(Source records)
*** Block opens ***

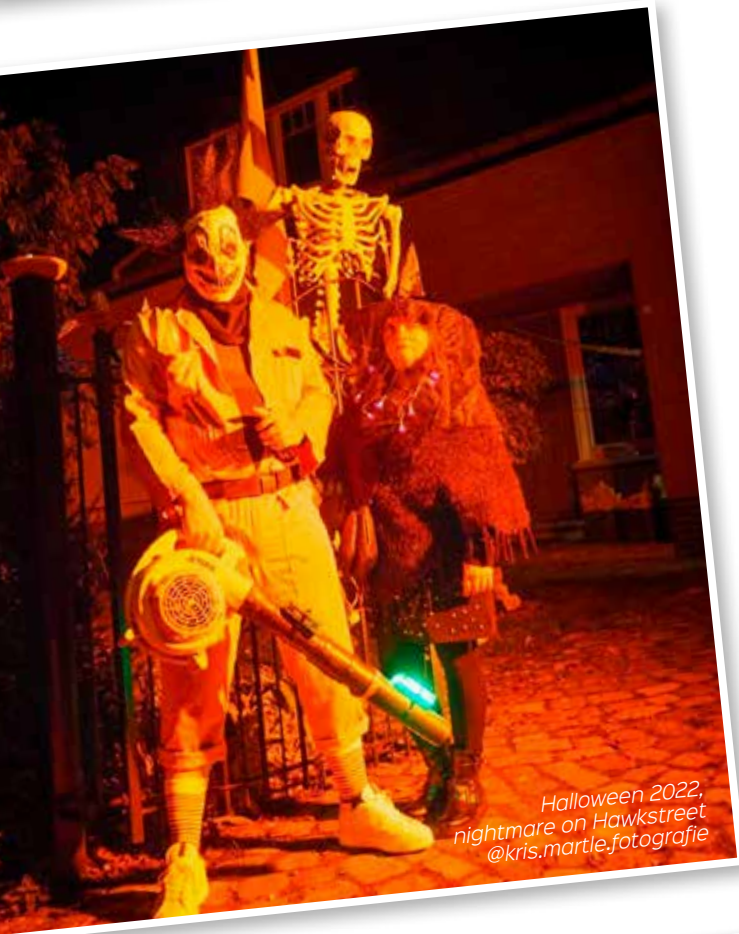
Halloween 2022, nightmare on Hawkstreet @kris.martle.fotografie
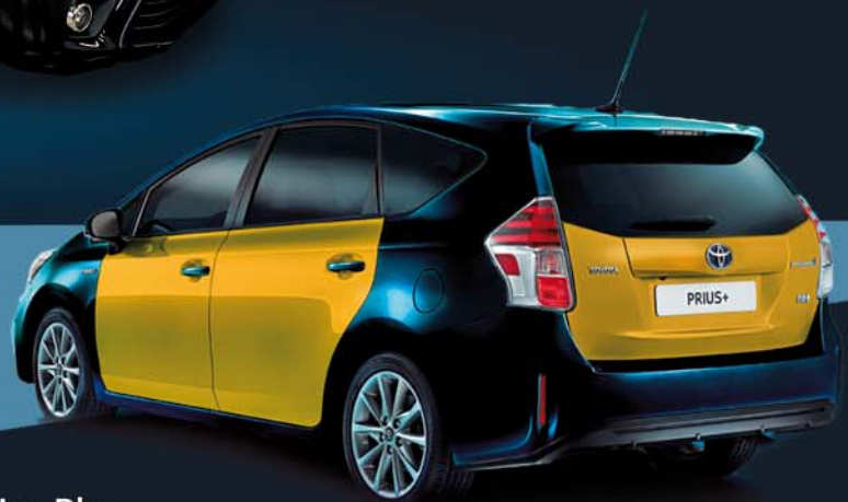
Toyota Prius Plus (híbrido)
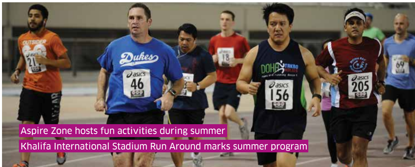
Aspire Zone hosts fun activities during summer Khalifa International Stadium Run Around marks summer program

As part of its commitment to the promotion of active lifestyles, Aspire Zone Foundation organized a multitude of fun activities designed to help members of the community stay fit throughout the hot summer months.
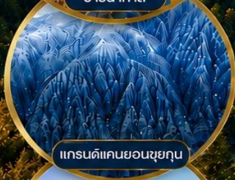
แกรนด์แคนยอนซุยกุณ
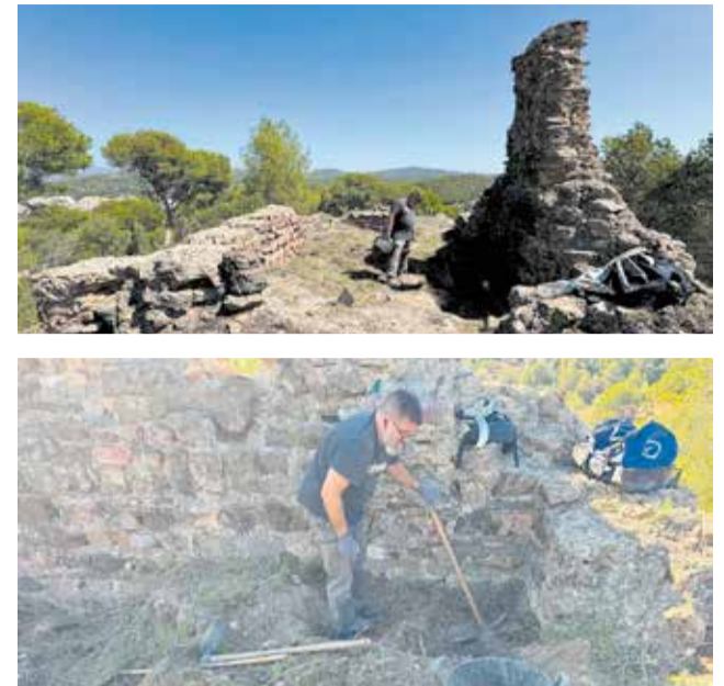
Treballs recents de neteja i recuperació en el Castell del Piló d'Albalat dels Tarongers.

deteriorament. "L'objectiu és evitar nous danys i crear les condicions necessàries per a reprendre les excavacions amb garanties, una intervenció considerada prioritària després dels resultats obtinguts en les últimes campanyes arqueològiques", expressa Asensi.
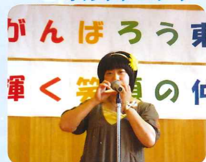
オカリナとウクレレの音色にいやされる〜♡
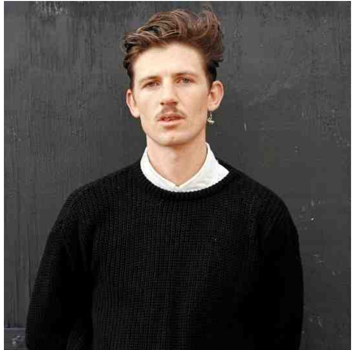
Romare est Anglais, mais c'est de la culture africaine qu'il s'inspire.

« Écoutez-les donc, ces enfants de la nuit. N'est-ce pas la plus belle des musiques... ? », interrogeait le comte Dracula, de Bram Stoker. Influencé équitablement par Daniel
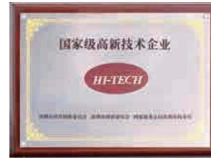
China High-Tech Enterprise

Melasta has a wide range of products from consumer batteries to industrial batteries. Medical equipment batteries are one of the core products of the company. Melasta produces standard replacement and customized battery packs by using brand cells such as Panasonic, Samsung and LG. Batteries have got the International certifications such as, UL, CB, KC, PSE, FCC, CE, UN38.3.
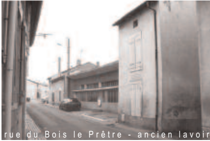
rue du Bois le Prêtre - ancien lavoir
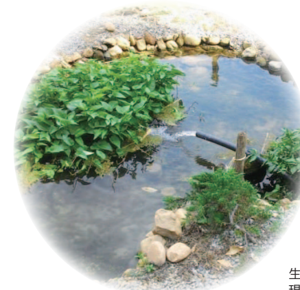
生態池從一片黃土到現在一片綠意盎然
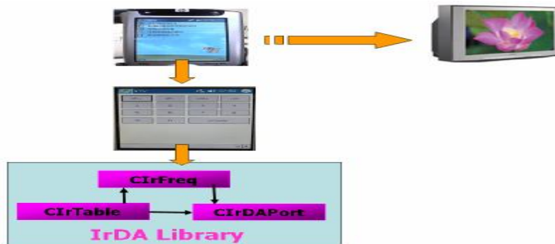
<圖四> 聲控電視示意圖

由於要控制紅外線與電視台名稱頻率對照表，以及各家廠商的紅外線頻率設定，我們以三個class來操作它們，以達到系統的強健性。如<圖四>所示。
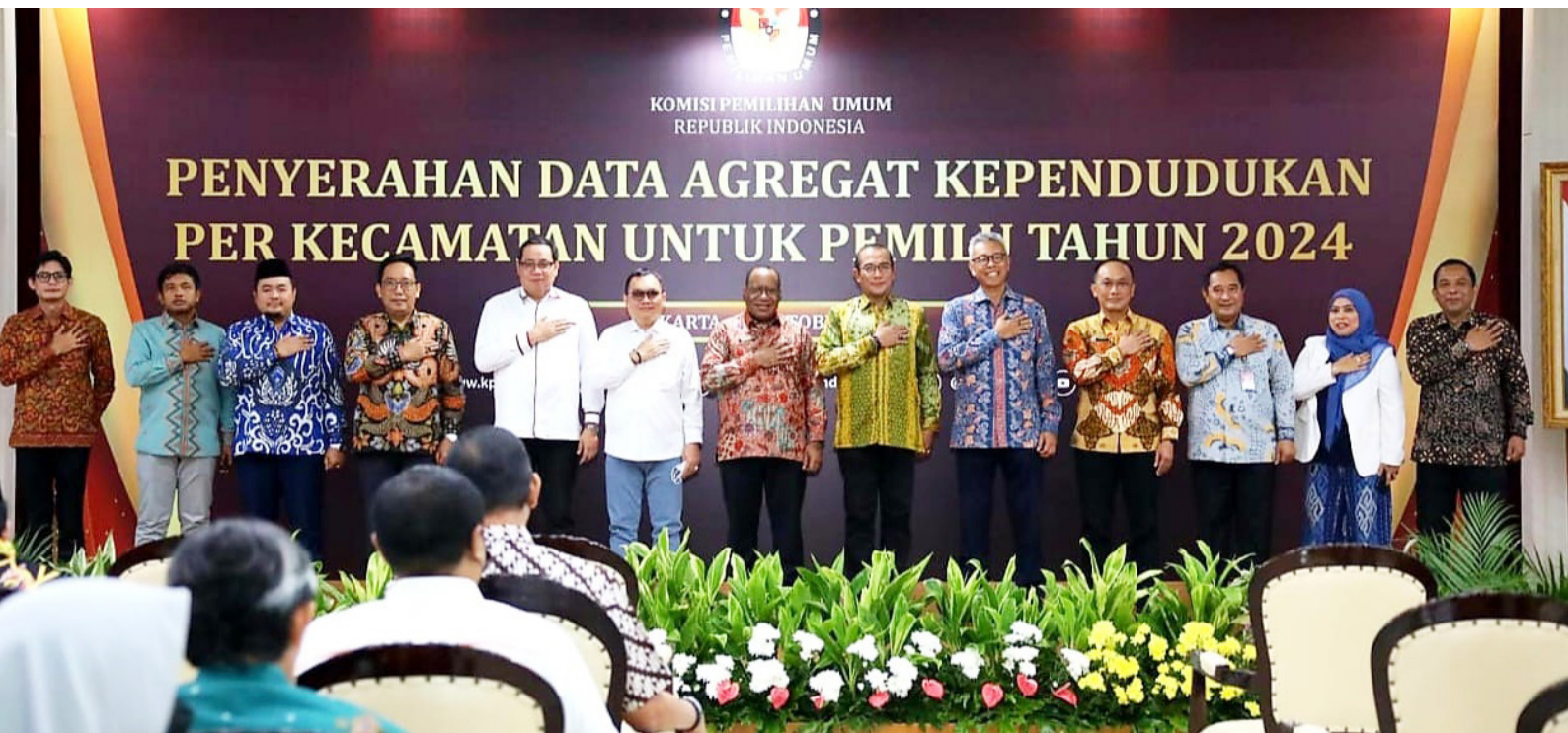
Kegiatan penyerah DAK2 dari Kemendagri ke KPU RI
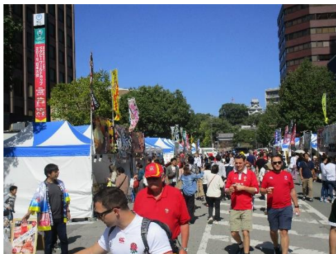
城下町大にぎわい市
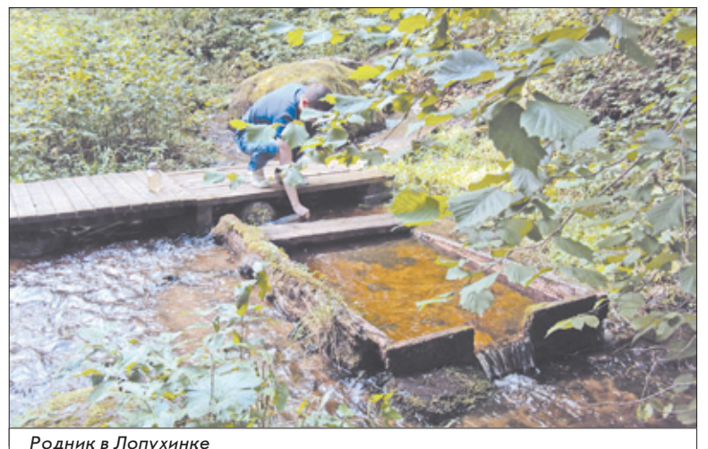
Родник в Лопухинке

Во всех пробах воды показатель жесткости (что характеризует наличие известкового осадка в воде) приближен к верхней отметки норматива. Это связано с природными факторами формирования подземного водостока и пролегающими порода-
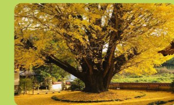
C 浄善寺大イチョウ
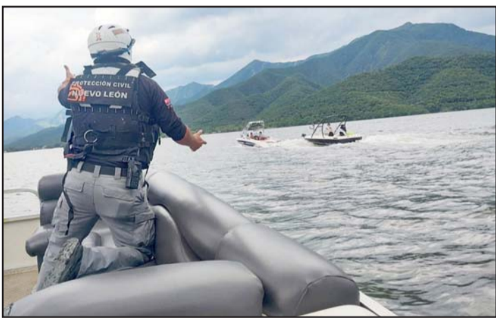
Los ocupantes de la lancha resultaron ilesos.
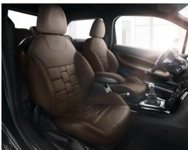
ナッパレザーシート (DS 3)
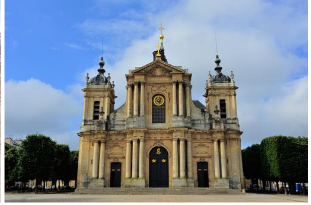
รายการทัวร์ที่น่าสนใจ ชมพระราชวังแวร์ซาย อพาร์ทเมนต์แห่งความลับ
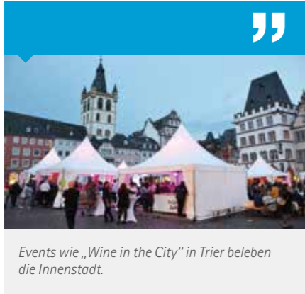
Events wie „Wine in the City“ in Trier beleben die Innenstadt.

Um den Konsumenten die besondere Qualität innerstädtischer Einzelhandelslagen näherzubringen und deren Entwicklung positiv voranzutreiben, bedarf es einer Kooperation aller relevanten Akteure. Folgerichtig haben sich in der Vergangenheit Interessengemeinschaften bzw. Standortgemeinschaften, in denen Händler, Kommunen, Wirtschaftsorganisationen, Kammern, Immobilienbesitzer, Gastronomen und engagierte Bürger organisiert sind, gebildet. Ziel dieser, überwiegend als eingetragener Verein operierenden Stadt- oder Citymarketinginitiativen ist das gemeinsame Erkennen sowie die Mobilisierung der spezifischen Potenziale einer Stadt. Dabei gilt es den öffentlichen Raum durch gemeinschaftliche Aktionen und Projekte öffentlichkeitswirksam zu beleben und zu vermarkten, um im Endeffekt die Attraktivität unserer Innenstädte zu steigern, wovon letztendlich alle Mitglieder der Standortgemeinschaften profitieren.
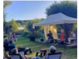
Espuma Antigua / La Madelaine-sous-Montreuil
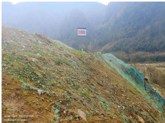
表土剥离堆存苫盖并播撒草籽
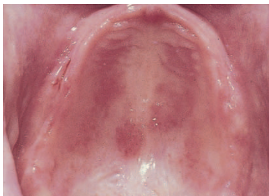
Afb. 3. Licht pijnlijke lokale stomatitis prothetica in de bovenkaak door een slecht passende gebitsprothese.
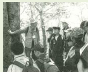
板倉1 自然体験教室
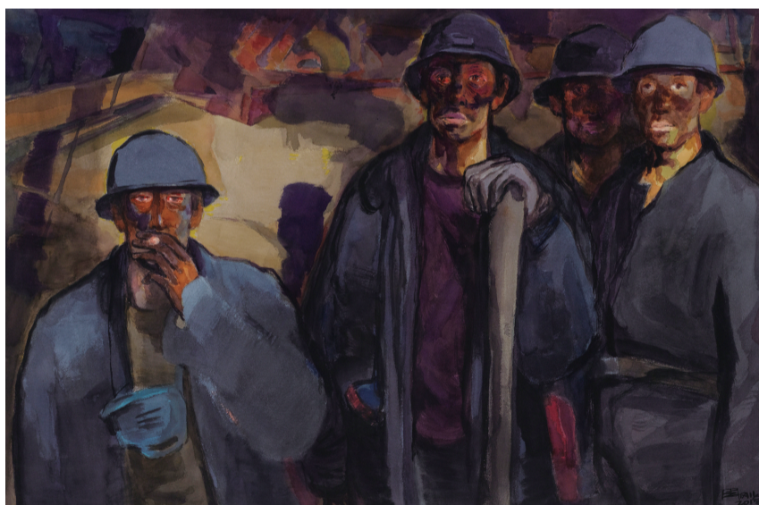
当班矿工(水彩) 170×190厘米 周刚
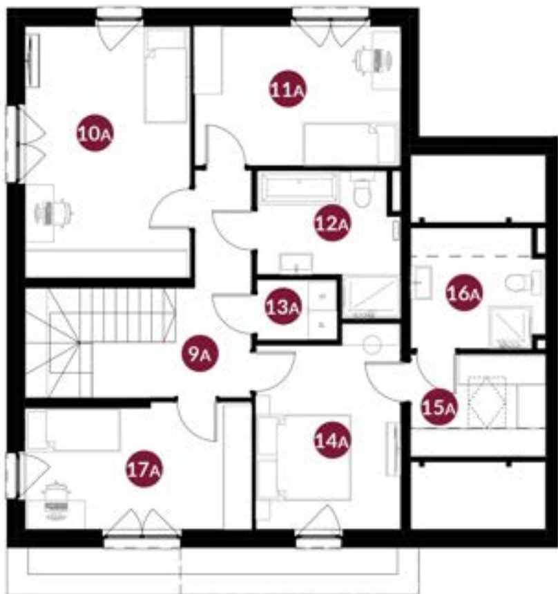
rzut poddasza nieużytkowego
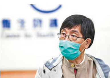
■袁國勇研雙檢測更準確發現病例。資料圖片

陽性反應，需要送院接受隔離治療，當中6人一直未有症狀，即67%患者沒有病徵。該9名確診者中，8人在核酸檢測及抗體檢測均呈陽性，餘下1人僅在抗體檢測呈陽性，經高分辨率CT（電腦掃描）證實確診。有關研究已於國際科學期刊《刺針傳染病期刊》發表。 團隊表示，無症狀患者會持續「放毒」，增加感染控制難度，亦有機會令個案突然大量急增，因此建議應結合核酸測試及血清檢測兩種方法，以準確找出感染者，盡早診斷、隔離和治療。
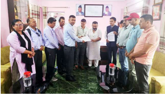
नगर उपप्रमुख बानियाँलाई ध्यानाकर्षणपत्र बुझाउँदै शिक्षक महासंघसहित विभिन्न संगठनका शिक्षक नेताहरु ।
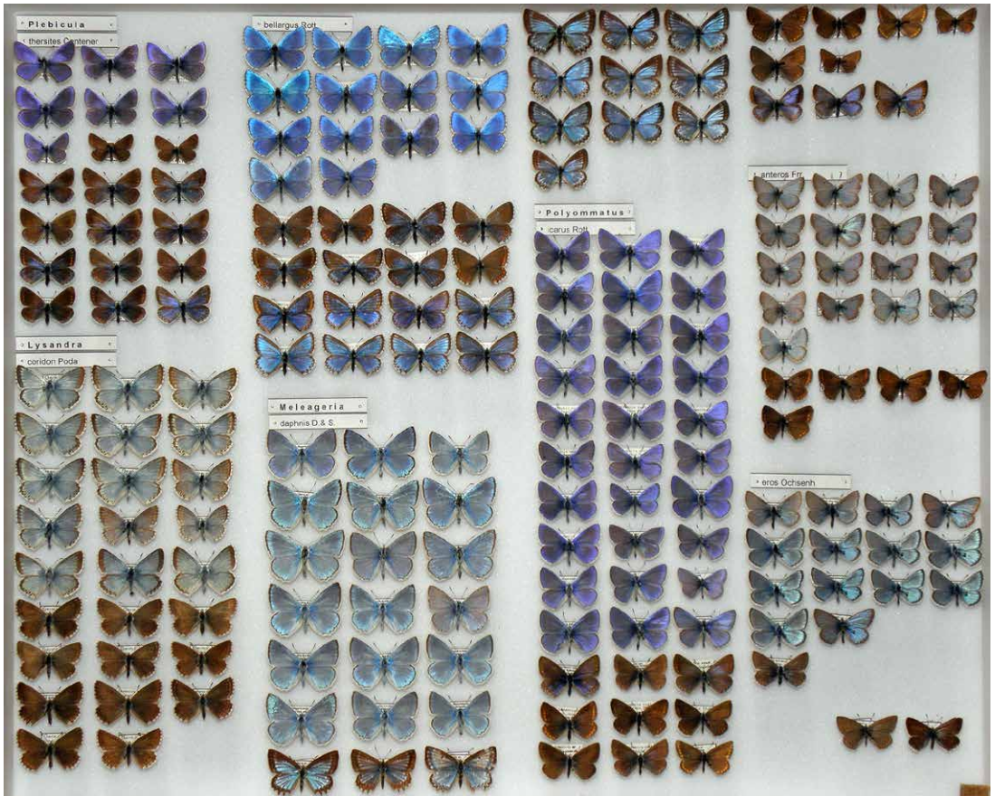
Abb. 4 Kasten Nr. 37 aus der Sammlung E. Friedrich: Bläulinge (Lycaenidae).
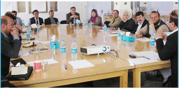
نشست مشورتی پیرامون کنفرانس «هفته ملی جامعہ مدنی» حوت ۱۳۹۶، کابل

در ادامه این نشست اشتراک کننده گان دیدگاه های خود را بر محور موضوع میزگرد مطرح نمودند. آنان با توجه به تجربیات و زوایای دید مختلف خود به تحلیل این موضوع پرداخته و نظرات و پیشنهاد هایی را مطرح ساختند. عدم هماهنگی میان نهادهای جامعہ مدنی، سوء استفاده از نام و اعتبار نهادهای جامعہ مدنی برای اهداف سیاسی، اقتصادی و زبانی، عدم همکاری دولت در اجرای پروژه های انکشافی، عدم توجه به نیازهای مردم در پروژه ها و مسایلی از این دست از عوامل عدم هماهنگی و همکاری میان نهادهای جامعہ مدنی در ولایت سمنگان بیان گردید. همینطور اشتراک کننده گان پیشنهاد هایی را برای هماهنگی و همکاری میان نهادهای جامعہ مدنی این ولایت بیان نمودند.
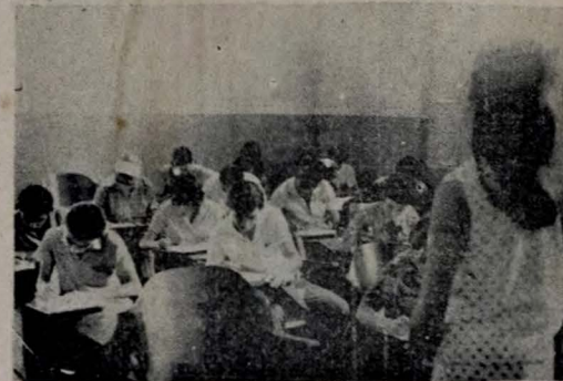
TESTES Divididos em três grupos, de acordo com o grau de instrução escolar, estão sendo realizados na Faculdade de Ciências Econômicas da UFP os testes para absorção regular dos prolaboristas na administração municipal. Ontem, 83 servidores compareceram às provas dos grupos I e II. Hoje, cerca de 180 farão os testes do grupo III. (NOTÍCIA NA 3a. PAGINA)

As obras compreendem além da adução até a cidade a construção do reservatório do corte branco com a interligação do sistema geral de distribuição do líquido à capital.
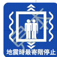
地震時管制運転装置のマーク
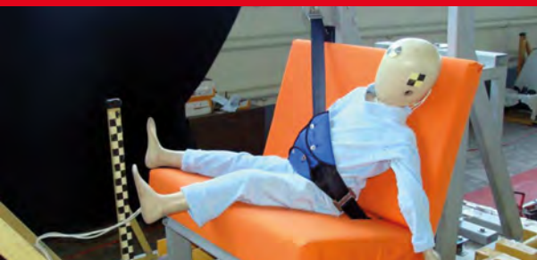
Результаты тестов использования небезопасных удерживающих устройств*

Дополнение определения «направляющая ляжка» в Правилах ЕЭК ООН № 44-04 было одобрено Всемирным Форумом (WP.29). Внесенная поправка к формулировке указывает на то, что « направляющая ляжка рассматривается как составной элемент детской удерживающей системы и НЕ может отдельно официально утверждаться в качестве детской удерживающей системы в соответствии с настоящими Правилами». Это исключает даже формальную возможность сертификации устройств типа «направляющая ляжка»!
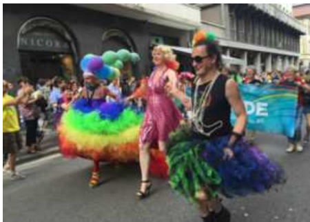
Torna il Varese Pride

Nella Biblioteca Civica tornano poi gli appuntamenti con la rassegna #INBIBLIOTECA: sabato alle 21.00 spazio per i giochi da tavolo per grandi e piccini, mentre domenica ci sarà un laboratorio di disegno. Sabato alle 10.30 invece in Sala Montanari appuntamento con la presentazione del libro sulla Tre Valli Varesine, mentre domenica 19 è il momento di Note sull'acqua, raduno bandistico alla Rasa di Varese. Sabato pomeriggio poi ci sarà la Varese Pride in occasione della Pride Week 2022.
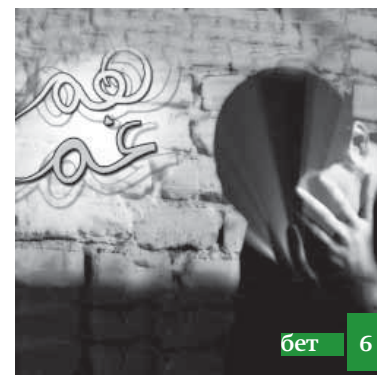
Бизин барыбызны да душманыбыз бир
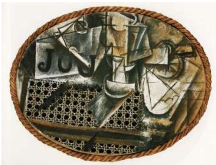
Pablo Picasso, Bodegón con asiento de rejilla , 1912

En este ejercicio: CAMPOS DE COLOR- estaremos trabajando un collage utilizando láminas o recortes de revistas. El collage es una técnica moderna que inadvertidamente fue creada por Pablo Picasso durante sus experimentos creativos en la época de germinación del Cubismo. En sus procesos de descomponer la forma, Picasso estuvo a punto de cruzar el umbral hacia el arte abstracto. Por temor a perder el total contacto con la realidad, tomó una soga y un pedazo de pajilla y la incorporó al lienzo. Creó lo que se conoce como collage.
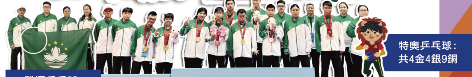
特奧乒乓球：共4金4銀9銅

*** Block closes ***

Word for word and without pictures, please write out only the lines from the start of the entries through the line containing "China High-Tech Enterprise", both included.

Halloween 2022, nightmare on Hawkstreet @kris.martle.fotografie
Toyota Prius Plus (híbrido)
Aspire Zone hosts fun activities during summer Khalifa International Stadium Run Around marks summer program

As part of its commitment to the promotion of active lifestyles, Aspire Zone Foundation organized a multitude of fun activities designed to help members of the community stay fit throughout the hot summer months.
แกรนด์แคนยอนซุยกุณ
Treballs recents de neteja i recuperació en el Castell del Piló d'Albalat dels Tarongers.

deteriorament. "L'objectiu és evitar nous danys i crear les condicions necessàries per a reprendre les excavacions amb garanties, una intervenció considerada prioritària després dels resultats obtinguts en les últimes campanyes arqueològiques", expressa Asensi.
オカリナとウクレレの音色にいやされる〜♡
Romare est Anglais, mais c'est de la culture africaine qu'il s'inspire.

« Écoutez-les donc, ces enfants de la nuit. N'est-ce pas la plus belle des musiques... ? », interrogeait le comte Dracula, de Bram Stoker. Influencé équitablement par Daniel
China High-Tech Enterprise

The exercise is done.